The dense canopy of a temperate or tropical woodland — oak, beech, pine, eucalyptus, mahogany — wherever leaves close above to filter the light below. Forest green refers to the average reflectance of a healthy mid-summer canopy seen from below: a saturated, slightly muted green with the matte finish of layered chlorophyll. Deeper than fern, cooler than olive, with the ecological weight of a word that has named every wooded biome on Earth.

Closest matches

The nearest named color in three reference sources, ranked by perceptual distance (ΔE76 in CIELAB). ΔE < 1 is imperceptible to most viewers; ΔE > 10 is clearly different.

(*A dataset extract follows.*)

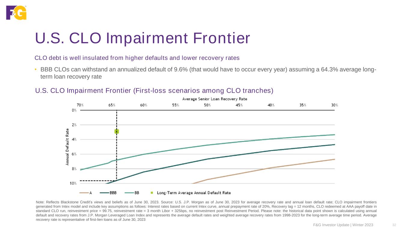 Our CLO Portfolio: Look Through Analysis Portfolio focused on high quality CLO securities backed by highly diversified pool of loans Note: GAAP Fair Values as of 12/31/2023 IndustriesCompaniesCLO Managers 96 CLO managers 1,880 Companies 33 Industries F&G Investor Update | Winter 2023 31 8.9% 3.4% 2.8% 2.7% 2.6% 2.6% 2.5% 2.4% 2.3% 2.2% 67.6% 0.0% 5.0% 10.0% 15.0% 20.0% Manager 1 Manager 2 Manager 3 Manager 4 Manager 5 Manager 6 Manager 7 Manager 8 Manager 9 Manager 10 Other 70% 0.7% 0.6% 0.5% 0.5% 0.5% 0.5% 0.5% 0.5% 0.4% 0.4% 94.9% 0.0% 0.5% 1.0% 1.5% 2.0% Issuer 1 Issuer 2 Issuer 3 Issuer 4 Issuer 5 Issuer 6 Issuer 7 Issuer 8 Issuer 9 Issuer 10 Other 100.0 % 12.5% 12.3% 9.2% 7.4% 4.7% 4.6% 4.1% 4.1% 4.0% 3.6% 33.5% 0.0% 5.0% 10.0% 15.0% 20.0% Industry 1 Industry 2 Industry 3 Industry 4 Industry 5 Industry 6 Industry 7 Industry 8 Industry 9 Industry 10 Other 40.0%

When two sources point to the same hex they’re merged into one tile; click any to open that color’s page.

Variations

Click any swatch to explore

Harmonies

Accessibility

Color-vision simulation

How this color appears to viewers with the four major color-vision-deficiency types. Computed via the Machado (2009) physiologically-based model. If a tile matches the original, the color reads the same to that viewer.

#207f17
Original
#827200
Protanopia
#776b24
Deuteranopia
#017b6c
Tritanopia
#636363
Achromatopsia
WCAG contrast

The color used as foreground text against pure white and pure black, with the contrast ratio and WCAG 2.1 grade. Aim for AA (4.5:1) for body text and AA Large (3:1) for 18 pt+ headlines; AAA (7:1) is the gold standard for long-form reading surfaces.

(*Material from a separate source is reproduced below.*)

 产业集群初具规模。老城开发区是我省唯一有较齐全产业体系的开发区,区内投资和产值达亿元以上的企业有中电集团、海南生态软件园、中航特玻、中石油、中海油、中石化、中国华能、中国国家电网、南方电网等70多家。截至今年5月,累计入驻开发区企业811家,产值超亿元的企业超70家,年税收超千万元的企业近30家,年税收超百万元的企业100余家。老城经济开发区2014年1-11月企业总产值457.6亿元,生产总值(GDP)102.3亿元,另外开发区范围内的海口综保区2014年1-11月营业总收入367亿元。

The quick brown foxSample body text at normal size. The wcag minimum for body contrast is 4.5:1 (AA) or 7:1 (AAA).
AAon White
5.11:1
The quick brown foxSample body text at normal size. The wcag minimum for body contrast is 4.5:1 (AA) or 7:1 (AAA).
AA Largeon Black
4.11:1

Wide gamut

Display P3 representation

The CSS Color 4 wide-gamut form of this color. Both swatches render the same color on every display — the P3 form only diverges from sRGB when a designer pushes channels outside sRGB's reach.

sRGB hex
sRGB hex
##207F17
Display P3
Display P3
color(display-p3 0.2467 0.4908 0.1657)
P3 has subtle headroomOKLCH chroma 0.162

Moderately saturated colors gain a small bump in P3 — the difference is usually visible side-by-side on wide-gamut hardware but won't change the character of the color.